In contrast, the CyberKnife® is “frameless”, thereby avoiding any patient discomfort, yet still maintaining comparable, if not superior targeting accuracy. Furthermore, other radiosurgery systems limit treatment to hemangioblastoma of the brain.
Since CyberKnife® radiosurgery is frameless, hemangioblastomas located anywhere in the spinal cord can also be treated safely.
What to expect after radiosurgery for hemangioblastoma
Radiosurgery for tumors, such as hemangioblastomas, is typically performed on an outpatient basis. Generally, a patient feels nothing during treatment. After radiosurgery, patients are followed with periodic brain or spine scans. Most radiosurgery centers perform a follow-up MRI scan after six months to monitor tumor shrinkage and look for any radiation side-effects in the adjacent brain.
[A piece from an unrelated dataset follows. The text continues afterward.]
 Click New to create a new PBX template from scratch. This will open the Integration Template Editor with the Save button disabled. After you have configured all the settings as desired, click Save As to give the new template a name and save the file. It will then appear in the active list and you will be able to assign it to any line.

Once it can be demonstrated over a few years time that a tumor is not growing (or is actually shrinking), the lesion is thought to be destroyed and further MRI scans need only be performed on a more limited basis.
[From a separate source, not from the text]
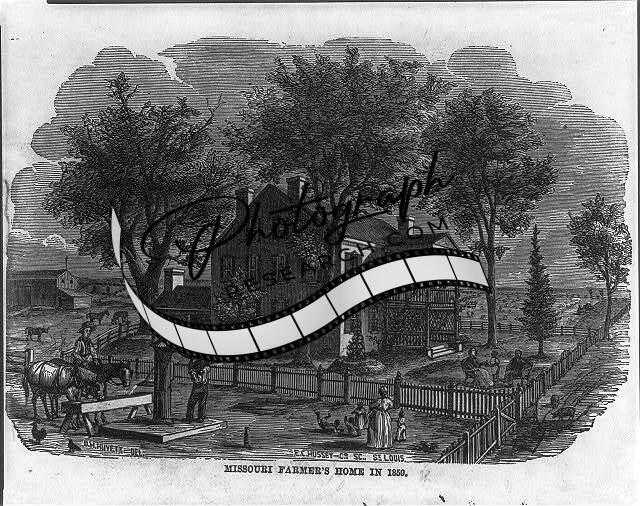 Missouri Farmer's Home in 1859,fence,people,yard,house

What are the possible complications of hemangioblastoma radiosurgery?
The main potential complication of radiosurgery is the chance that radiation may destroy the tumor but injure the adjacent normal brain. Such damage is called radiation edema, or in severe cases, radiation necrosis. Particularly for small tumors, the likelihood of radiation injury to the brain is low.
The rate of complications is generally much lower than the risk of leaving the tumor untreated or undergoing an open surgical resection (2). The symptoms produced by radiation edema will often improve significantly with oral steroids.
References
- Chang SD, Main W, Martin DP, Gibbs IC, Heilbrun MP: An analysis of the CyberKnife: a robotic frameless stereotactic radiosurgical system. Neurosurgery. 2003 Jan: 52(1):140-7.
- Maciunas RJ, Galloway RL Jr, Latimer JW: The application accuracy of stereotactic frames. Neurosurgery. 1994 Oct: 35(4):682-94.
- Chang SD, Adler JR Jr, Martin DP: LINAC radiosurgery for cavernous sinus meningiomas. Stereotactic and Functional Neurosurgery. 1998: 71(1):43-50.